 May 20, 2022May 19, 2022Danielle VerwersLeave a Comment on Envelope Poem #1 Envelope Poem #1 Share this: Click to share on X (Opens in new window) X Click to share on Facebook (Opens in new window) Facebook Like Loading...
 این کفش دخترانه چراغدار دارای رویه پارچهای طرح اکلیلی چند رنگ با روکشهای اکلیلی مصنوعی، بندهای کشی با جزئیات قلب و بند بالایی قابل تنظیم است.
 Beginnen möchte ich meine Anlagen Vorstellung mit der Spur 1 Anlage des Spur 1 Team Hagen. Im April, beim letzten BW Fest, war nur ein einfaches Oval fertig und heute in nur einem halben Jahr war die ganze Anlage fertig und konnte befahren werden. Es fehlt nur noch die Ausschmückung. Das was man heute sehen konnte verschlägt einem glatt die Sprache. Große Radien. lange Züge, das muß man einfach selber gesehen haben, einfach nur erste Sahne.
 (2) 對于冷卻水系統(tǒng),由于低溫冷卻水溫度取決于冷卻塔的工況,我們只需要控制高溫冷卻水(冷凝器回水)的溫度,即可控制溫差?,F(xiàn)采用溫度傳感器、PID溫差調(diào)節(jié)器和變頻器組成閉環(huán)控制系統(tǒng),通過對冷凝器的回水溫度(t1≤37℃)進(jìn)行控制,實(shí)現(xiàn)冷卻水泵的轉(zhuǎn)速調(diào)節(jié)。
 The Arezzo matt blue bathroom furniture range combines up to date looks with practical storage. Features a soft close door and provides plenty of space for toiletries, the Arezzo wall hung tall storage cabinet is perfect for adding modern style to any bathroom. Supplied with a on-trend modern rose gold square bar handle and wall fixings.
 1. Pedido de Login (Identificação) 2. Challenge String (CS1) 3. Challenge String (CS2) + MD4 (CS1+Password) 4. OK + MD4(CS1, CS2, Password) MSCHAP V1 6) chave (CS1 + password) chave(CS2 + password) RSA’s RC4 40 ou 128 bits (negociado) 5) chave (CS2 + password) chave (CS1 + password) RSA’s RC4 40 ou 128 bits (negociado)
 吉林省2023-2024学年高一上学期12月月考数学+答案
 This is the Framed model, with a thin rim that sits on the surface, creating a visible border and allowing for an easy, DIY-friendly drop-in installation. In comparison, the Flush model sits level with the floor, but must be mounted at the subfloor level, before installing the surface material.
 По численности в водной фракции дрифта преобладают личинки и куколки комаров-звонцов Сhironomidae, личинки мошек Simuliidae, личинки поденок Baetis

——

Problem statement: Look over the listing above and copy each line that contains "with".

Answer for the task:
 The Arezzo matt blue bathroom furniture range combines up to date looks with practical storage. Features a soft close door and provides plenty of space for toiletries, the Arezzo wall hung tall storage cabinet is perfect for adding modern style to any bathroom. Supplied with a on-trend modern rose gold square bar handle and wall fixings.
 This is the Framed model, with a thin rim that sits on the surface, creating a visible border and allowing for an easy, DIY-friendly drop-in installation. In comparison, the Flush model sits level with the floor, but must be mounted at the subfloor level, before installing the surface material.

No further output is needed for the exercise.